**Given data**:

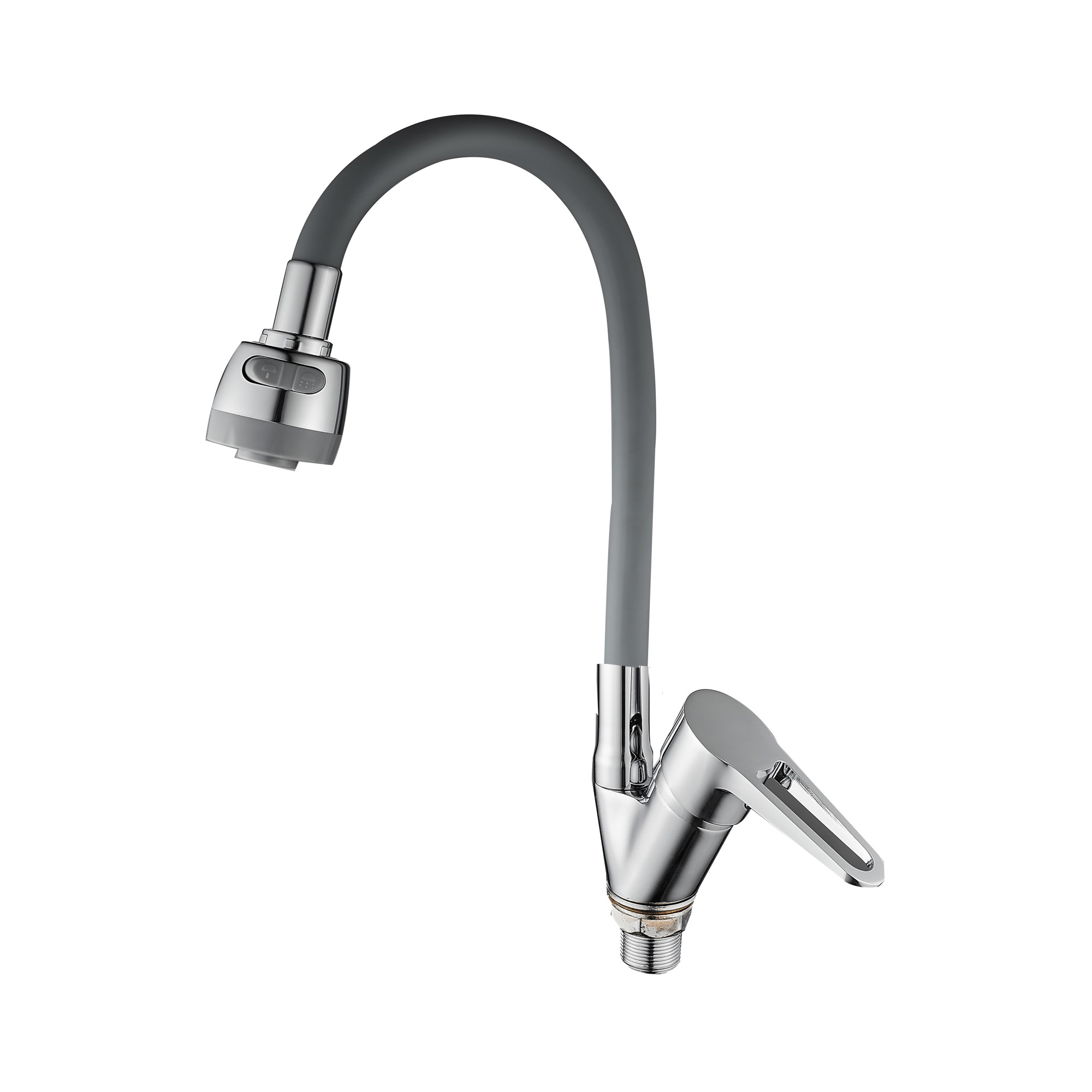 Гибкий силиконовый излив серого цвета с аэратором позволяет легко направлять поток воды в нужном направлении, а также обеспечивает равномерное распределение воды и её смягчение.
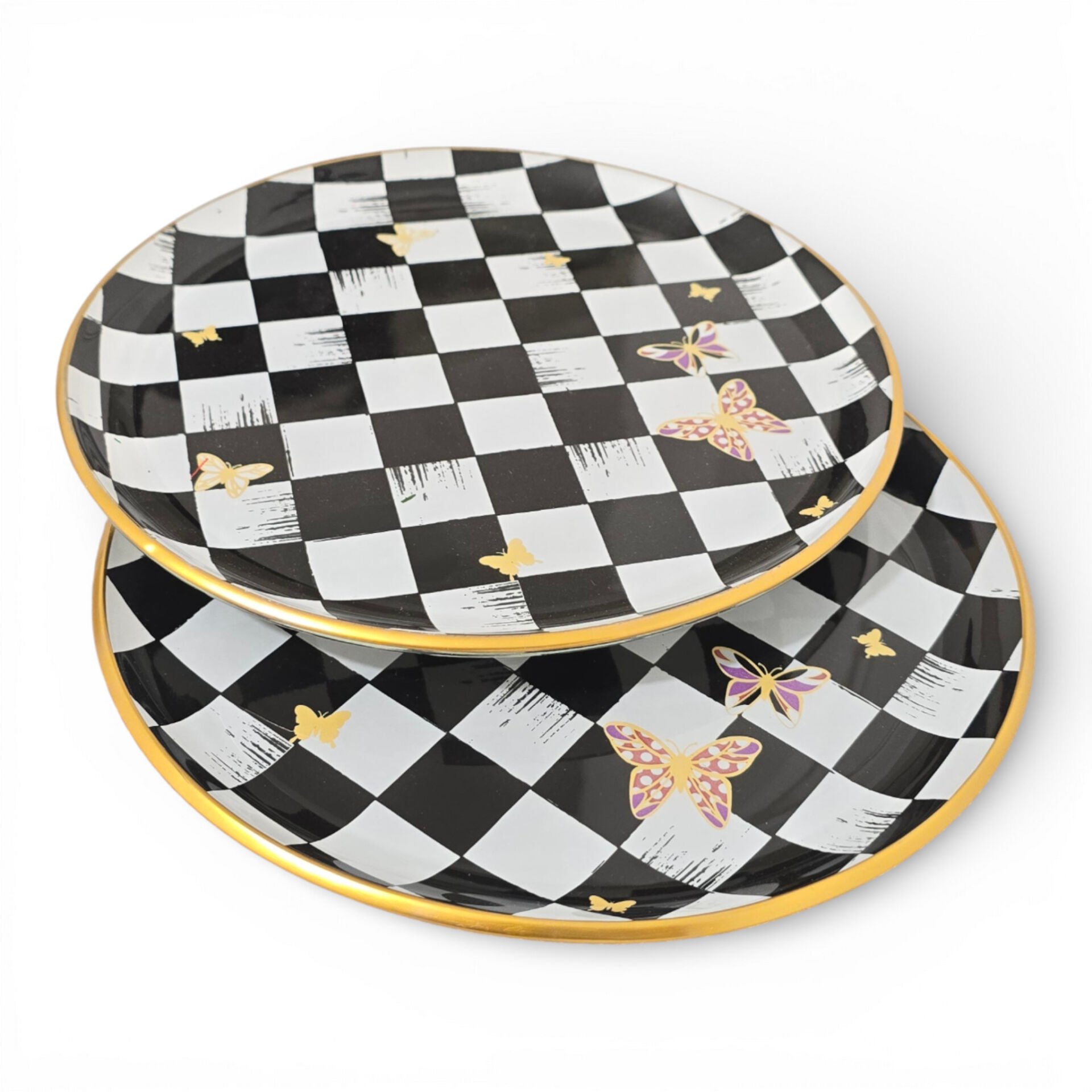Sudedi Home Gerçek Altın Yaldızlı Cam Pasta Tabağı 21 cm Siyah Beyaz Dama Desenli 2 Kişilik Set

* * *

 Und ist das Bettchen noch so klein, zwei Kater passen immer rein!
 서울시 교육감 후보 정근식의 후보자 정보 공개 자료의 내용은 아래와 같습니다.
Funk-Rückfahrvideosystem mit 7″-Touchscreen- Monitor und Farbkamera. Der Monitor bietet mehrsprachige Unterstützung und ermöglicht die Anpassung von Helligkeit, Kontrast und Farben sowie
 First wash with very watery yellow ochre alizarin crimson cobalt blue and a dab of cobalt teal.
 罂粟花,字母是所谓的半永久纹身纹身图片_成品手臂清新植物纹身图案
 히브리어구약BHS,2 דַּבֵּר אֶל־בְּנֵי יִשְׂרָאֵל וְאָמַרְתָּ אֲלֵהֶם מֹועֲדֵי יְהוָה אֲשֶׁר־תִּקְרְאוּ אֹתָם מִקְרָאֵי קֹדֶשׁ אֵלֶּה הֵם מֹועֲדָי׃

**To do**: Working from the material above, restate word for word the lines between the line with "Und ist das" and the line with "히브리어구약BHS,2 דַּבֵּר אֶל־בְּנֵי", both included, and only those.

**Exercise response**:
 Und ist das Bettchen noch so klein, zwei Kater passen immer rein!
 서울시 교육감 후보 정근식의 후보자 정보 공개 자료의 내용은 아래와 같습니다.
Funk-Rückfahrvideosystem mit 7″-Touchscreen- Monitor und Farbkamera. Der Monitor bietet mehrsprachige Unterstützung und ermöglicht die Anpassung von Helligkeit, Kontrast und Farben sowie
 First wash with very watery yellow ochre alizarin crimson cobalt blue and a dab of cobalt teal.
 罂粟花,字母是所谓的半永久纹身纹身图片_成品手臂清新植物纹身图案
 히브리어구약BHS,2 דַּבֵּר אֶל־בְּנֵי יִשְׂרָאֵל וְאָמַרְתָּ אֲלֵהֶם מֹועֲדֵי יְהוָה אֲשֶׁר־תִּקְרְאוּ אֹתָם מִקְרָאֵי קֹדֶשׁ אֵלֶּה הֵם מֹועֲדָי׃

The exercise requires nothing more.